The  occupation of Alcatraz laid the groundwork for modern resistance to ongoing attacks against Indigenous people and land, and its legacy lives on in demonstrations such as the No DAPL protest at Standing Rock. While the occupation won some concessions from the capitalist state, its biggest impact was its role in building a militant Red Power movement and Indigenous struggles in the years to come. The action serves as a lesson in uncompromising resistance and self-organization.

The Context

The occupation of Alcatraz occurred in the context of a reinvigorated Indigenous struggle in the United States, continuing to weave the long thread of Indigenous resistance to genocide and colonization in what would become, through blood, theft, and displacement, the United States.

As the United States expanded its territory through land theft, the federal government coerced Native Americans to sign treaties, kicking them off of their ancestral land and onto the open-air prisons that would become known as reservations. In the late 19th century, the federal government commenced its “civilizing mission” to assimilate Indigenous people into the dominant white European culture, forcibly removing Native children from their families, outlawing the speaking of Native languages, and imposing education in “basic skills” so that they could be more easily to exploit Natives as domestic and manual laborers. 

After brutal genocide that reduced the Indigenous population to historic lows, the population was able to regenerate to nearly 1 million by 1960 — by which time the government had changed its strategy toward Native Americans. Throughout the 1950s, the United States had sought to coerce some Native Americans to leave the reservations and move to cities, where they could become exploitated wage laborers, even offering some “help” with finding jobs and housing. Many Natives bought into this given the poverty conditions on reservations, including a lack of basic resources such as running water and electricity. After arriving in cities, many found that the training was inadequate, they typically received only one job referral (suggesting the program had been specifically set up to benefit certain employers, and financial assistance was scarce. But in the cities, many Indigenous workers were able to meet, discuss, and ally themselves with members of other tribes and people from other oppressed groups. 

Native Americans living in cities were especially influenced by the social movements sweeping the nation, especially the burgeoning Black Power movement and the Black Panther party. At the same time, the United States was involved in a deeply unpopular war in Vietnam, which inspired massive student protests at colleges and universities. The social unrest this sparked led many to draw parallels between the suffering of the Vietnamese civilian population and the special oppression faced by minority groups domestically, whose members were being drafted in disproportionate numbers to fight the capitalist state’s war.  From there, many radical groups, including one known as the American Indian Movement (AIM), began to take up the fight for Red Power. 

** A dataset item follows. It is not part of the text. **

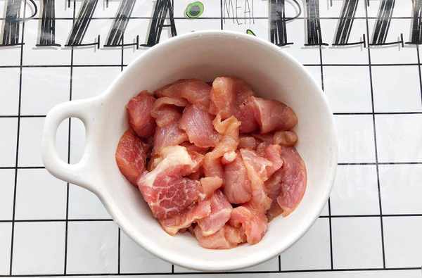 第二步:瘦肉清洗干净后用斜刀切薄片放入碗中,加入适量的花生油、盐和生抽,再加入2勺料酒拌匀腌制半小时左右。

Around this time in the Bay Area, many small groups were forming, typically with tribe-related names such as the Sioux Club and the Navajo Club. Initially coming together for dance, sports, and powwows. A number of them began to join together to address the unmet needs of their community.

Statements and Demands

The choice of Alcatraz was not random. Long before the arrival of colonizers, the island had been used by Indigenous people in the Bay Area as a place to camp out for hunting and fishing. A fort was built on the island during the Spanish-American war that later turned into a military prison. Indigenous people represented a huge number of those imprisoned — often for attempts to resist U.S. encroachment on ancestral land or theft of their children. In 1894, 19 Hopi men were imprisoned on Alcatraz for refusing to send their children to boarding schools. In 1934, Alcatraz became a maximum-security federal prison. For many Native Americans, it had become a symbol for the abuse of Indigenous people by the U.S. government.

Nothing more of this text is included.